Should You Be Eating Before Bed? The Answers
When we lead busy lives, it's not uncommon for us to be eating before going to bed. Whether it's a big meal or just a small snack to relax with, eating before bed can have a huge effect on how well we sleep and how our bodies function.
Eating before bed and memory
Snacking when you should be preparing for sleep, or even when you should be sleeping, can have an effect on your ability to remember things accurately the following day. This is most likely due to the way your internal body clock works. Your internal body clock is affected by changes to day and night, so it's important to try and match your eating habits to your light exposure, eating more when the sun is in the sky, and less once the moon is out.

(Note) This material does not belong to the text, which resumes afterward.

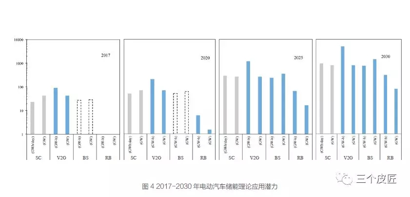 2.電動汽車儲能可顯著提升電力系統(tǒng)可再生能源消納能力電動汽車可通過有序充電、車電互聯(lián)、退役電池儲能等方式直接或間接參與電力系統(tǒng)運行,實現(xiàn)與儲能相同或相似的系統(tǒng)應(yīng)用價值??紤]到未來電動汽車的高市場滲透率,其2030年理論儲能規(guī)??蓾M足高比例可再生能源系統(tǒng)中小時級電力平衡,有效解決當前困擾可再生能源發(fā)展的電力系統(tǒng)短期調(diào)峰能力不足的問題。

Eating before bed and concentration
Eating before bed, especially late at night and if you're sleep deprived, can slow down your mental reaction times and decrease your attention to detail. People who snack late into the night tend to show significantly slower reaction times and larger lapses in attention.
How does eating before bed affect your blood sugar?

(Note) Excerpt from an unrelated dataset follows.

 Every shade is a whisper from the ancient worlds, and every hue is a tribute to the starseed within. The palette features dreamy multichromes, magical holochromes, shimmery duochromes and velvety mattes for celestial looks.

Eating before bed, late at night can initially raise your blood sugar. But, when we go to sleep, our bodies go into a light-fast which can mean that you're more likely to experience a sudden and dramatic crash in blood sugar while asleep.
When we eat, our blood sugar spikes, which then causes our pancreas to release insulin to move the sugar into the cells in our body. If these spikes in blood sugar happen frequently (as it should when we eat regularly), the pancreas can deliver too much insulin into our bloodstreams. This can then lead to a rapid drop in blood sugar which can increase the level of the stress hormone we produce called cortisol. This higher level of cortisol causes our bodies to weaken their digestive functions. People who regularly skip meals will find that this cycle does not occur correctly within their bodies. People who skip meals frequently are more likely to partake in snacking or eating before bed are more likely to use sugary foods to get a quick boost of energy.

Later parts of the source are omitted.